The values, behaviors, and traditions of Deaf culture include:
- Promoting an environment that supports vision as the primary sense used for communication at school, in the home, and in the community, as vision offers individuals who are deaf access to information about the world and the independence to drive, travel, work, and participate in every aspect of society.

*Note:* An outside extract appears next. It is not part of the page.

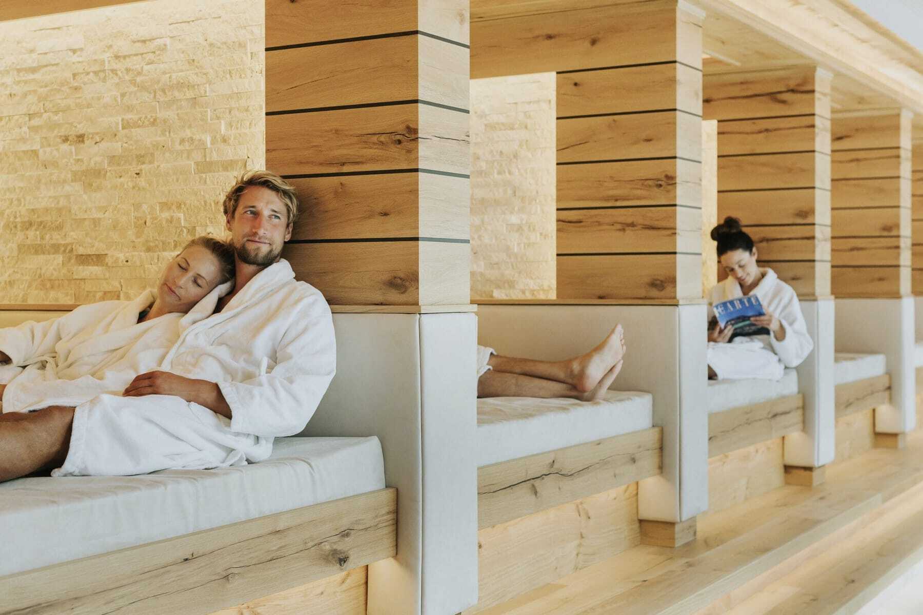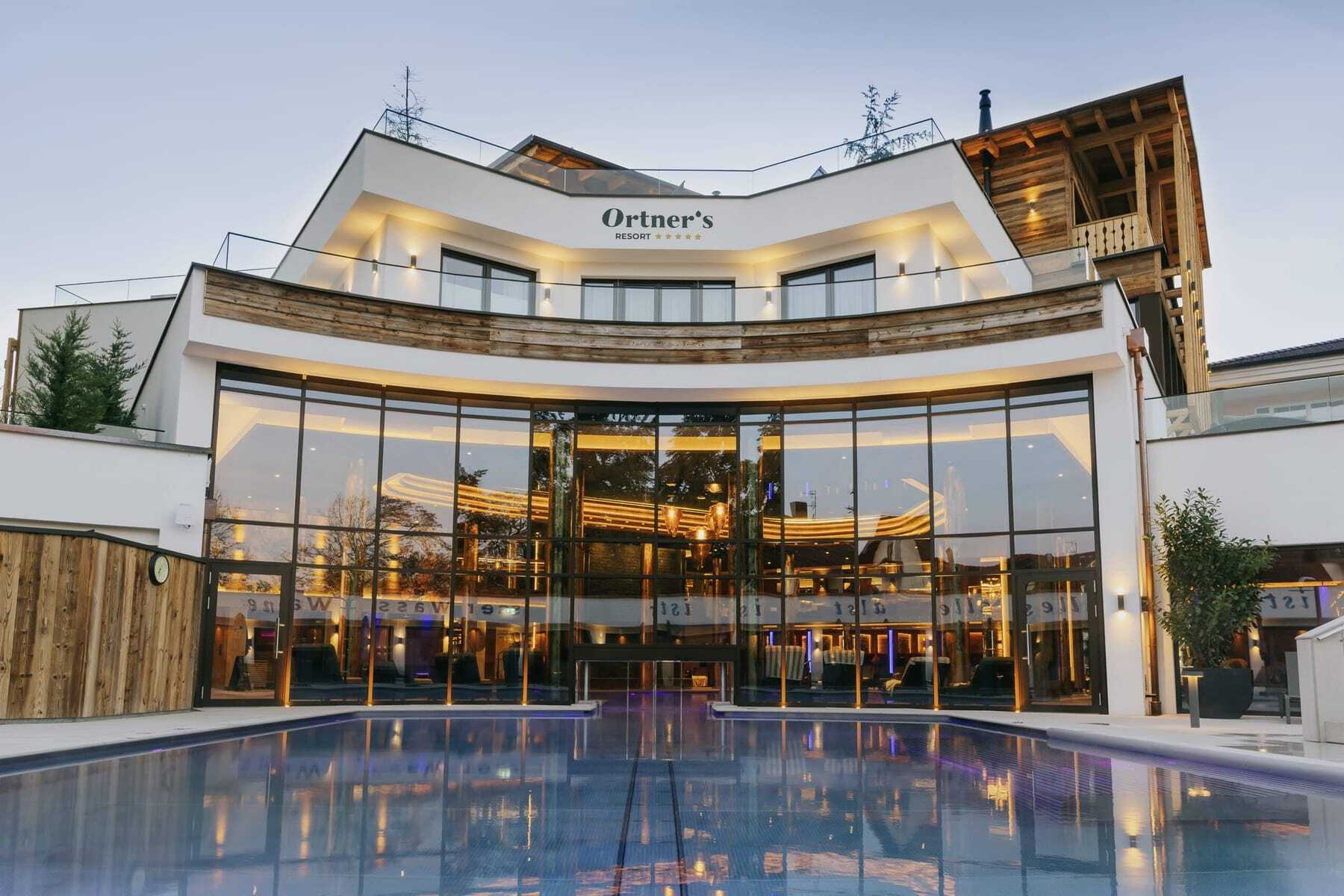 Gute Stimmung verbreiten zudem die Saunameister mit ihren Aufgussevents, fürs Cooldown gibt es den Eisbrunnen oder den Bio-Schwimmteich im Freien. Danach laden Kuscheloasen, Sonnendecks oder die urige »Ruhe-Alm« im Dachgeschoss zum Entspannen ein. Und im Spa werden die Gäste mit Beauty- und Relax-Behandlungen verwöhnt, während sich die Therapeuten der Physiotherapiepraxis um die Mobilität der Urlauber kümmern. Jeder soll sich frei fühlen, ganz nach Gusto genießen, was auch mit den Kreationen der Küche gut gelingt. Und wer nach dem Abendmenü nochmal heiß baden will – kein Problem, die Thermenwelt im Ortner’s Resort ist bis 22 Uhr geöffnet!

- Valuing children who are deaf as the future of deaf people and Deaf culture. Deaf culture therefore encourages the use of ASL, in addition to any other communication modalities the child may have.-NON-STANDARD-LINGUISTIC COMPETENCE
- Support for bilingual ASL/English education of children who are deaf so they are competent in both languages. STANDARD-LINGUISTIC COMPETENCE
- Inclusion of specific rules of behavior in communication in addition to the conventional rules of turn taking. For example, consistent eye contact and visual attention during a conversation is expected. In addition, a person using sign language has the floor during a conversation until he or she provides a visual indicator (pause, facial expression, etc.) that he or she is finished. COMMUNICATIVE COMPETENCE
- Perpetuation of Deaf culture through a variety of traditions, including films, folklore, literature, athletics, poetry, celebrations, clubs, organizations, theaters, and school reunions. Deaf culture also includes some of its own "music" and poetry as well as dance.
- Inclusion of unique strategies for gaining a person's attention, such as:
- gently tapping a person on the shoulder if he or she is not within the line of sight,
- waving if the person is within the line of sight, or
- flicking a light switch a few times to gain the attention of a group of people in a room- COMMUNICATIVE COMPETENCE.